Your task | Repeat each entry as written, dropping any picture you find.

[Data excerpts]
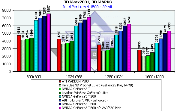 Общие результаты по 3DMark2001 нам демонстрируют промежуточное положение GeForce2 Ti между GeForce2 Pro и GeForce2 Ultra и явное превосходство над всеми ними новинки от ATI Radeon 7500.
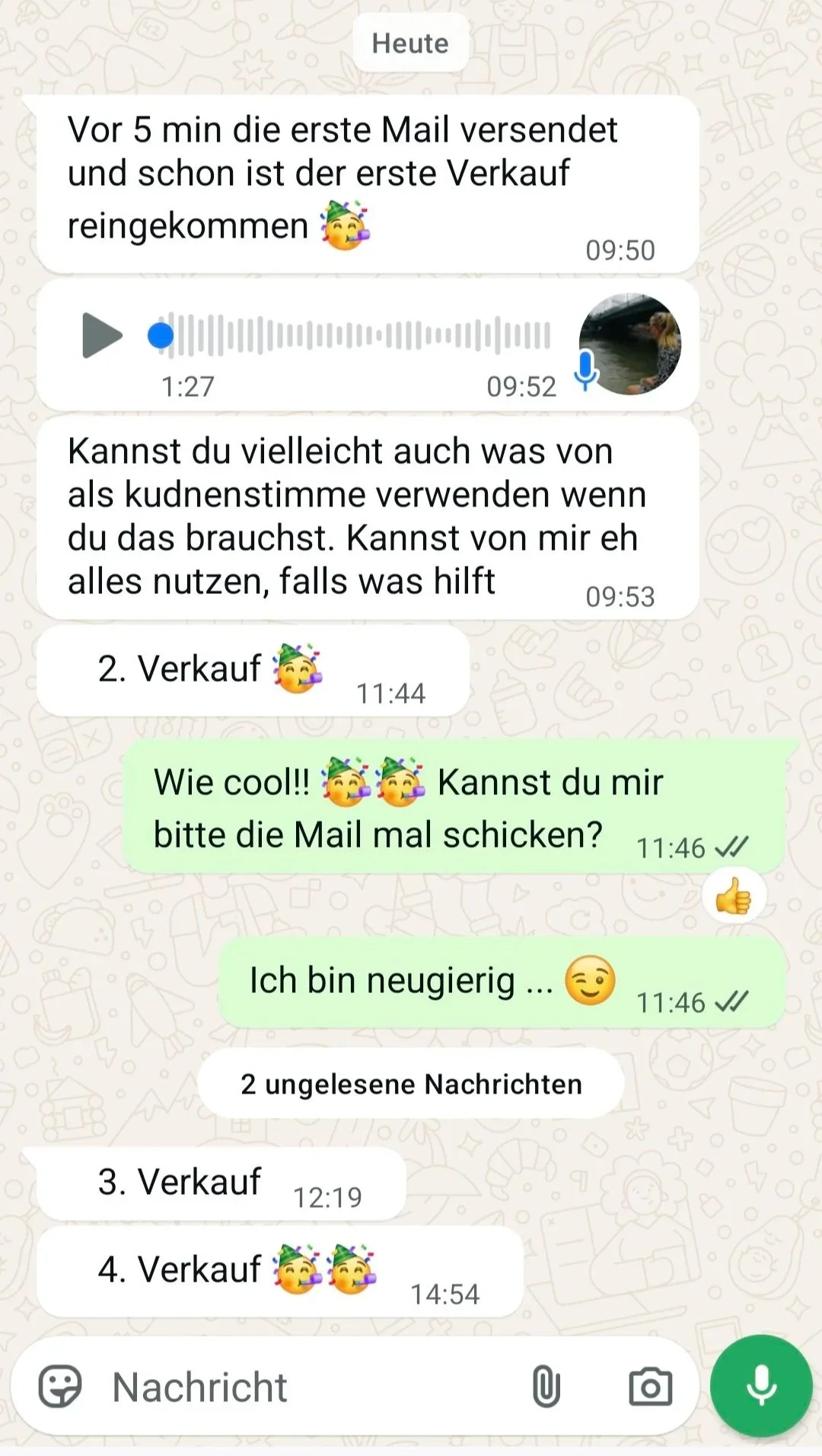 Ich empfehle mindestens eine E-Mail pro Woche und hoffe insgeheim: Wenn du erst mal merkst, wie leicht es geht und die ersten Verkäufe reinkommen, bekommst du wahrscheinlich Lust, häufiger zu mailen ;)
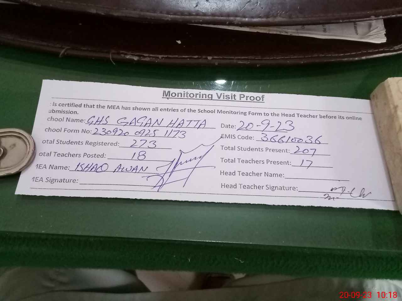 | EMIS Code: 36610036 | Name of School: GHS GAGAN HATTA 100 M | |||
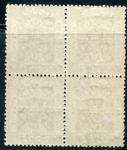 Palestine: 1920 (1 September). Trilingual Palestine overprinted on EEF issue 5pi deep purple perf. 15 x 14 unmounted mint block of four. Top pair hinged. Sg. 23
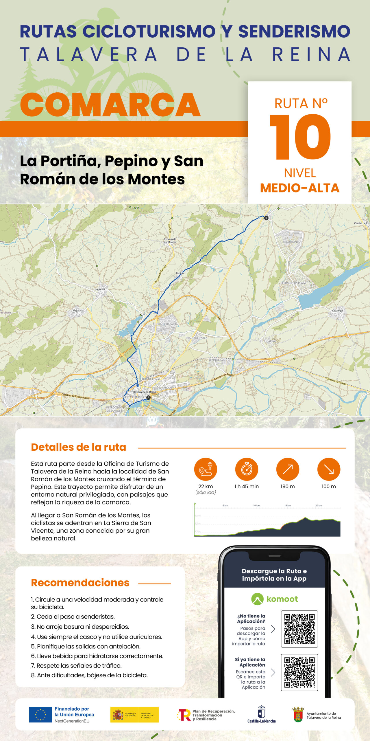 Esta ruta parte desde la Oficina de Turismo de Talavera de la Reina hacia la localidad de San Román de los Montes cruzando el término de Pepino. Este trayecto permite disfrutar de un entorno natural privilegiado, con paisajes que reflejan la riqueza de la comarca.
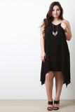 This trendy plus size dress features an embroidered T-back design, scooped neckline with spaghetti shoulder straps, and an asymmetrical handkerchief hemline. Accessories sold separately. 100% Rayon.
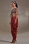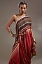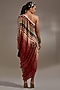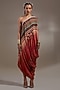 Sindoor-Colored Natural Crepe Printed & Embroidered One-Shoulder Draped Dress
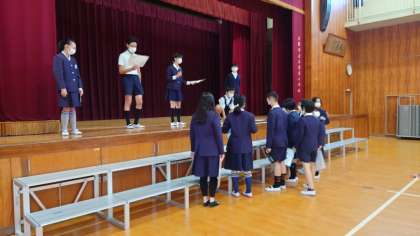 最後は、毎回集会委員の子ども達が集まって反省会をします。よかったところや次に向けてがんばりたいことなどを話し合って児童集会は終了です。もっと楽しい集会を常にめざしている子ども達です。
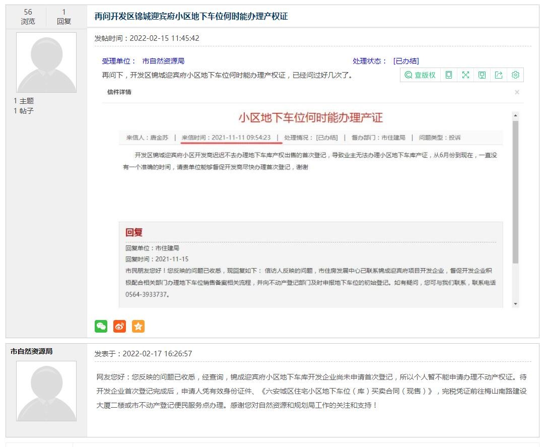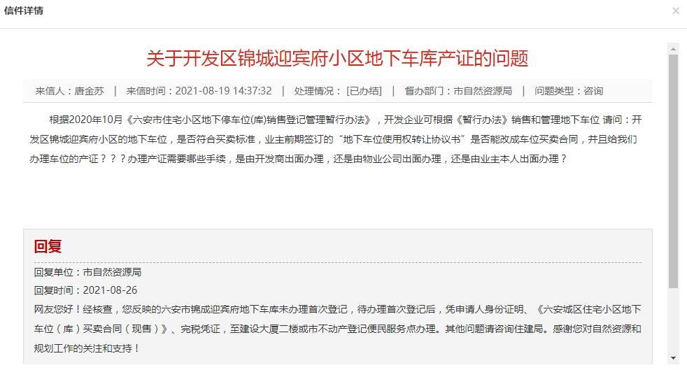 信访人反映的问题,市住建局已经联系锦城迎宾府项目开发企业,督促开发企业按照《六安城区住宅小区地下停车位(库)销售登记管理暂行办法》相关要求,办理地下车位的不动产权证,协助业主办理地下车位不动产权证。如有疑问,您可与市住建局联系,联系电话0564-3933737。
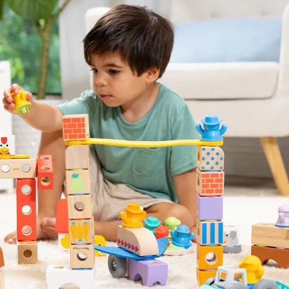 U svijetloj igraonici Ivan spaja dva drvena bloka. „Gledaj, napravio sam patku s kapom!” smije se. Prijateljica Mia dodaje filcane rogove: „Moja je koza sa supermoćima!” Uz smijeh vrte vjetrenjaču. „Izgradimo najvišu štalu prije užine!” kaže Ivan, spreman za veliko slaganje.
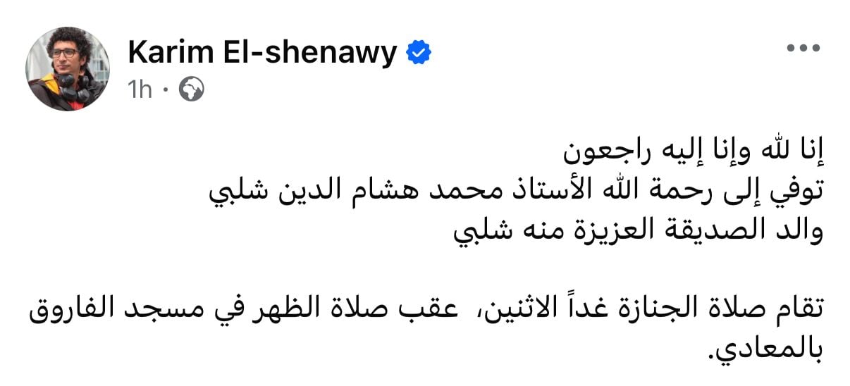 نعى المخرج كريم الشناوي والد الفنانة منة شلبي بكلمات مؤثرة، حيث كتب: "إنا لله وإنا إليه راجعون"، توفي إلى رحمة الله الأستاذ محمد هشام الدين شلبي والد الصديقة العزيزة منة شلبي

Response for this exercise |
 Общие результаты по 3DMark2001 нам демонстрируют промежуточное положение GeForce2 Ti между GeForce2 Pro и GeForce2 Ultra и явное превосходство над всеми ними новинки от ATI Radeon 7500.
 Ich empfehle mindestens eine E-Mail pro Woche und hoffe insgeheim: Wenn du erst mal merkst, wie leicht es geht und die ersten Verkäufe reinkommen, bekommst du wahrscheinlich Lust, häufiger zu mailen ;)
 | EMIS Code: 36610036 | Name of School: GHS GAGAN HATTA 100 M | |||
 Palestine: 1920 (1 September). Trilingual Palestine overprinted on EEF issue 5pi deep purple perf. 15 x 14 unmounted mint block of four. Top pair hinged. Sg. 23
 Esta ruta parte desde la Oficina de Turismo de Talavera de la Reina hacia la localidad de San Román de los Montes cruzando el término de Pepino. Este trayecto permite disfrutar de un entorno natural privilegiado, con paisajes que reflejan la riqueza de la comarca.
 This trendy plus size dress features an embroidered T-back design, scooped neckline with spaghetti shoulder straps, and an asymmetrical handkerchief hemline. Accessories sold separately. 100% Rayon.
 Sindoor-Colored Natural Crepe Printed & Embroidered One-Shoulder Draped Dress
 最後は、毎回集会委員の子ども達が集まって反省会をします。よかったところや次に向けてがんばりたいことなどを話し合って児童集会は終了です。もっと楽しい集会を常にめざしている子ども達です。
 信访人反映的问题,市住建局已经联系锦城迎宾府项目开发企业,督促开发企业按照《六安城区住宅小区地下停车位(库)销售登记管理暂行办法》相关要求,办理地下车位的不动产权证,协助业主办理地下车位不动产权证。如有疑问,您可与市住建局联系,联系电话0564-3933737。
 U svijetloj igraonici Ivan spaja dva drvena bloka. „Gledaj, napravio sam patku s kapom!” smije se. Prijateljica Mia dodaje filcane rogove: „Moja je koza sa supermoćima!” Uz smijeh vrte vjetrenjaču. „Izgradimo najvišu štalu prije užine!” kaže Ivan, spreman za veliko slaganje.
 نعى المخرج كريم الشناوي والد الفنانة منة شلبي بكلمات مؤثرة، حيث كتب: "إنا لله وإنا إليه راجعون"، توفي إلى رحمة الله الأستاذ محمد هشام الدين شلبي والد الصديقة العزيزة منة شلبي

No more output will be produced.